## Task instructions
Word for word, copy the lines beginning at the one with "RJMG 10/100 stack" and ending at the last line below; pictures stay out.

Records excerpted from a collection
──────

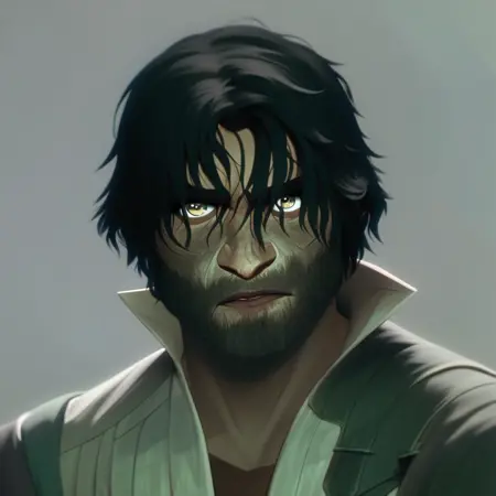 1boy, black hair, facial hair, beard,
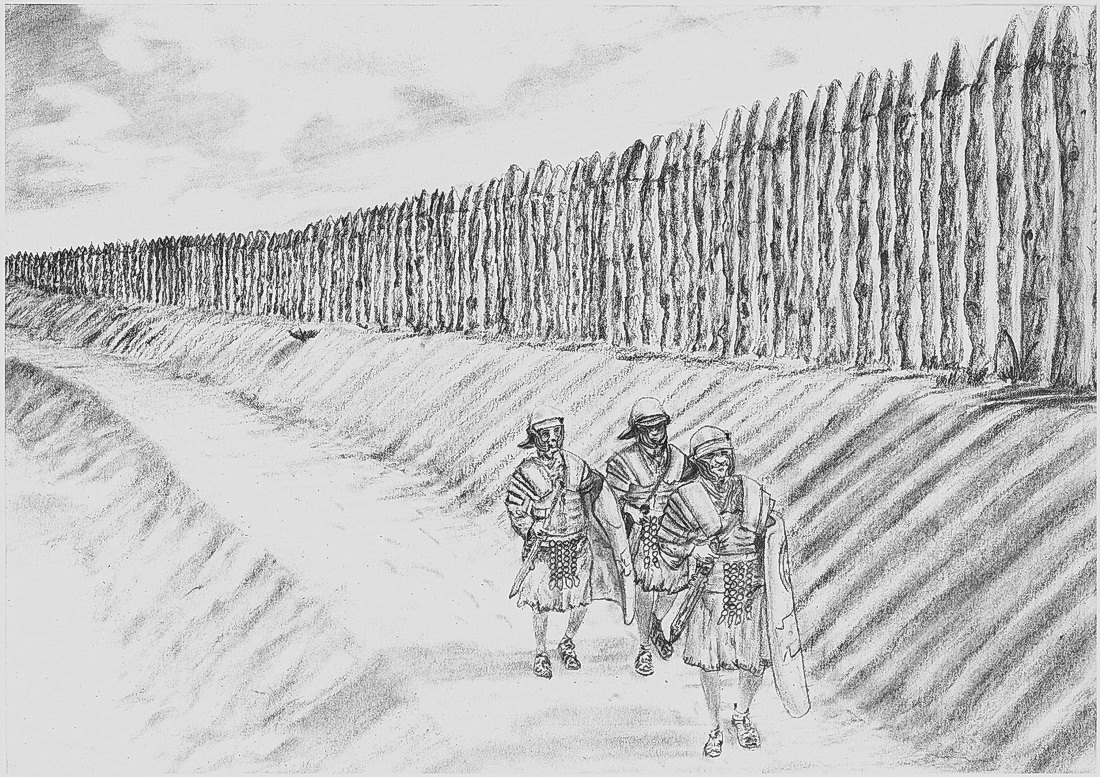 Valul lui Traian de Jos de lângă Vadul-lui-Isac. Valul se presupune că avea deasupra o palisadă (fortificație formată din pari înfipți în pământ), alături un șanț, precum și o suprafață plată între val și șanț, denumită „bermă”. Reconstituire grafică făcută pentru proiectul nostru de Claudiu Călin, pe baza informațiilor oferite de arheologul Sergiu Popovici.
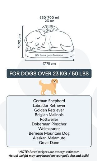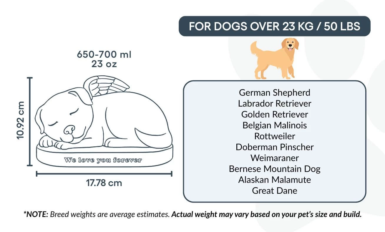 Note: Volume estimates are based on average pet cremation yields. Please consider your pet’s weight and build when choosing an urn.
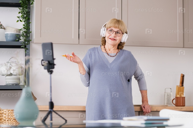 Счастливая зрелая студентка в наушниках, разговаривающая перед камерой смартфона
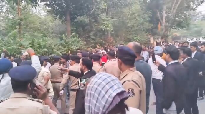 कोर्ट परिसर में दोनों पक्षों की नारेबाजी, पुलिस ने संभाला मोर्चा, SC/ST एक्ट की धाराएं भी जोड़ी गईं।
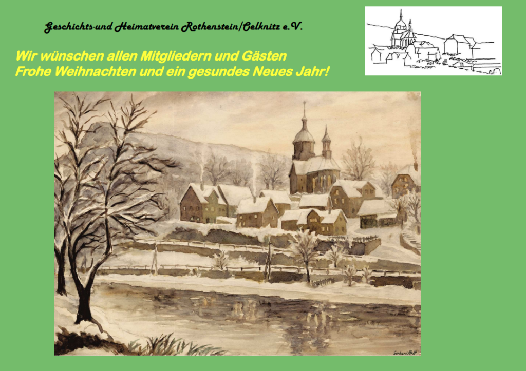 Der Heimat- und Geschichtsverein Rothenstein/Oelknitz e. V. wünscht allen Unterstützern, Mitgliedern und Gästen ein frohes Weihnachtsfest sowie ein gesundes und glückliches neues Jahr.
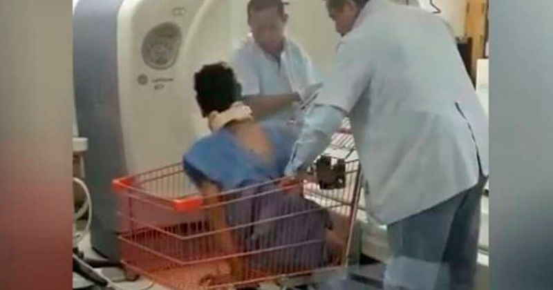 En el video se aprecia a dos enfermeros ayudando a subir al paciente al carrito de supermercado
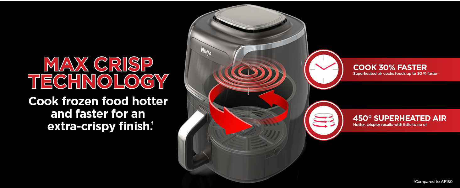 - MAX CRISP TECHNOLOGY: Delivers 450 degrees of superheated air to cook foods up to 30 % faster (Versus Ninja AF100) for hotter, crispier results with little to no oil for guilt free fried favorites.
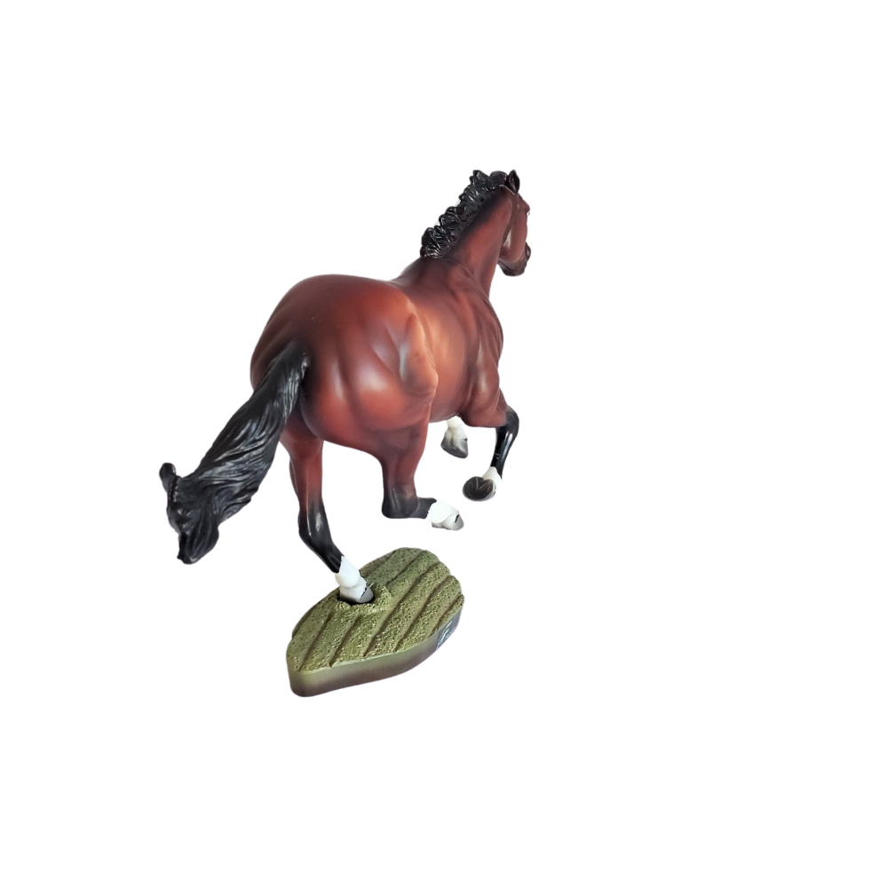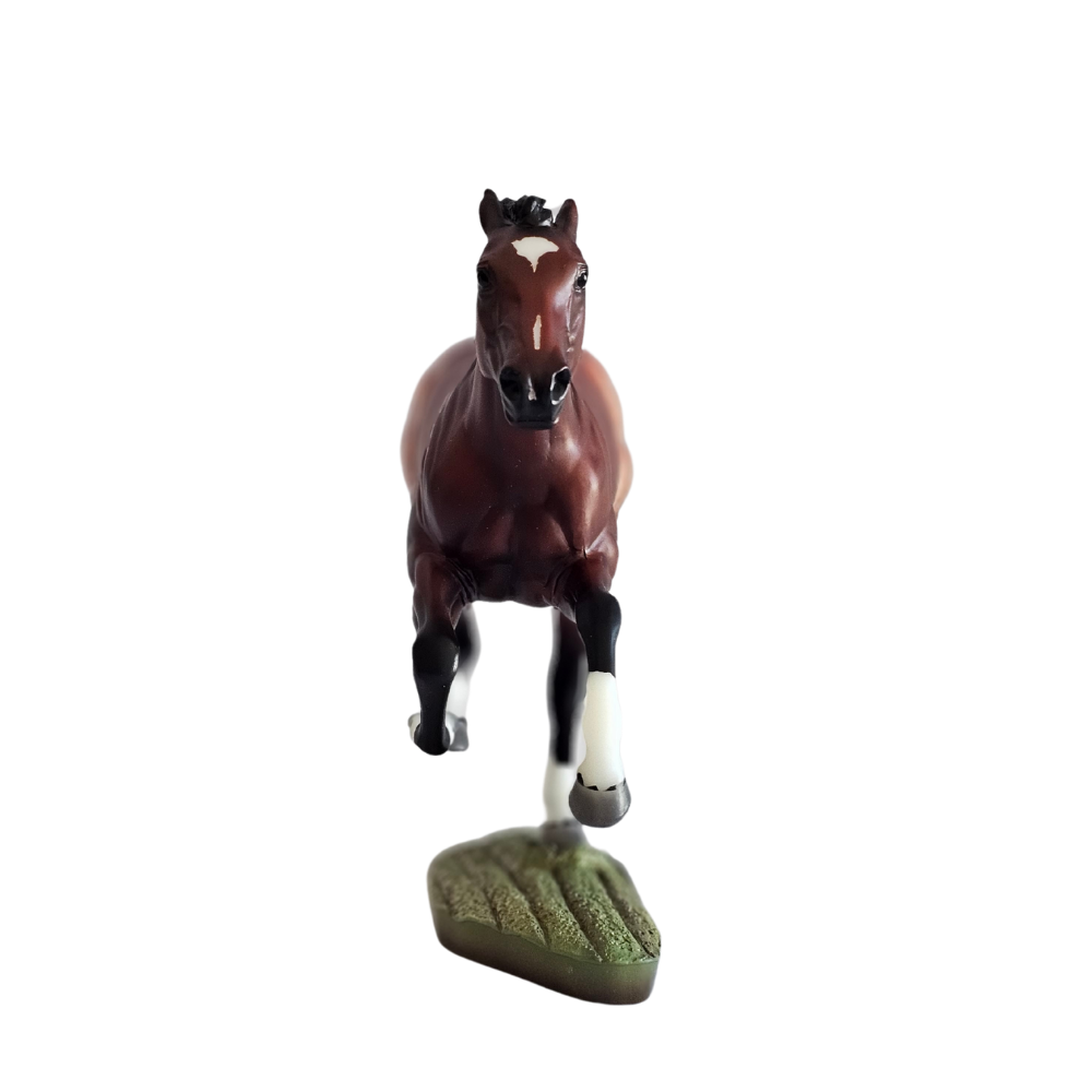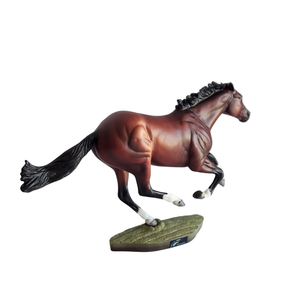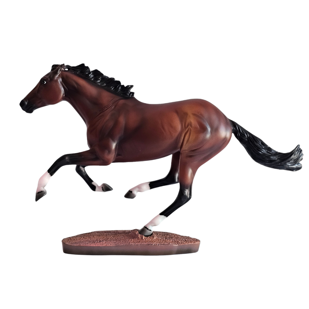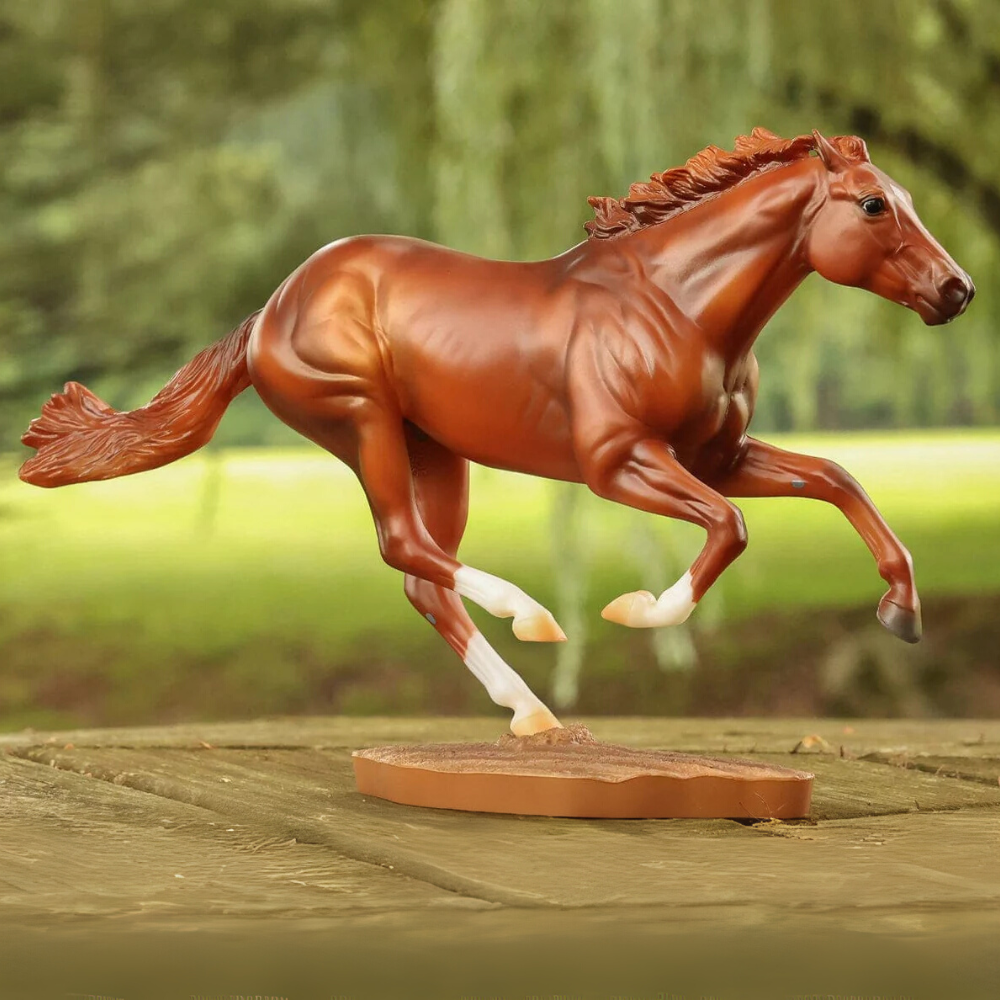 Este modelo Breyer Traditional (escala 1:9) captura la poderosa estampa de este alazán de gran conformación, que corrió bajo los colores azul y blanco de Meadow Stables y dejó una huella imborrable en la historia del turf.
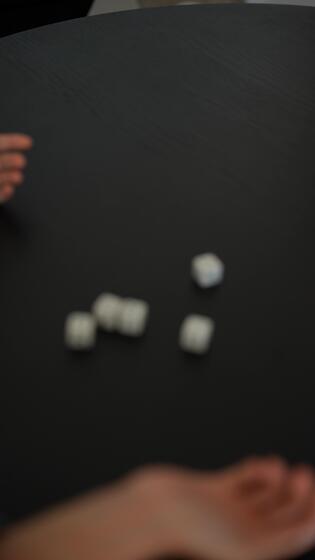 Hands are actively rolling dice on a black table, creating an entertaining gaming scene Pro Video
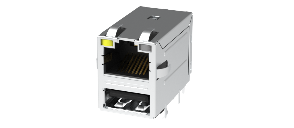 RJMG 10/100 stack single USB 2.0, Right Angle DIP type
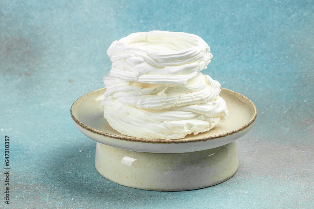 Dessert meringue cake on a light background, banner, menu, recipe place for text
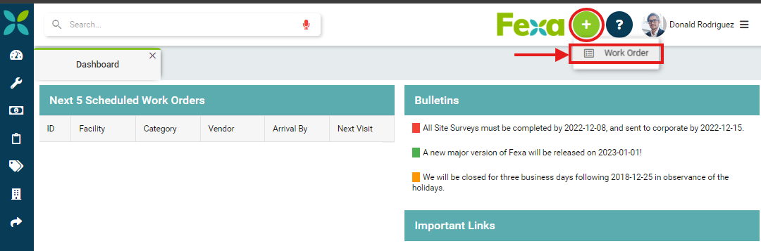Creating a work order in Fexa is simple. Just click the ”Green Circle" button located in the upper right corner to get started.
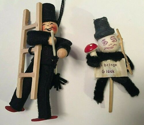 2 Vintage Chimney Sweep Christmas New Years Good Luck Ornament Putz Paper Mache
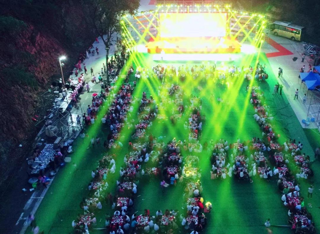 在慶祝祖國七十歲華誕之際,老君山文旅集團(tuán)也迎來了成立12周年的紀(jì)念日;顒蝇F(xiàn)場,老君山景區(qū)擺出260桌宴席答謝鄉(xiāng)親及建設(shè)者,2000余人歡聚一堂,共慶發(fā)展旅游業(yè)帶來的脫貧致富成果,感恩黨和政府帶領(lǐng)大家走向幸福生活。

──────

## Result
 RJMG 10/100 stack single USB 2.0, Right Angle DIP type
 Dessert meringue cake on a light background, banner, menu, recipe place for text
Creating a work order in Fexa is simple. Just click the ”Green Circle" button located in the upper right corner to get started.
 2 Vintage Chimney Sweep Christmas New Years Good Luck Ornament Putz Paper Mache
 在慶祝祖國七十歲華誕之際,老君山文旅集團(tuán)也迎來了成立12周年的紀(jì)念日;顒蝇F(xiàn)場,老君山景區(qū)擺出260桌宴席答謝鄉(xiāng)親及建設(shè)者,2000余人歡聚一堂,共慶發(fā)展旅游業(yè)帶來的脫貧致富成果,感恩黨和政府帶領(lǐng)大家走向幸福生活。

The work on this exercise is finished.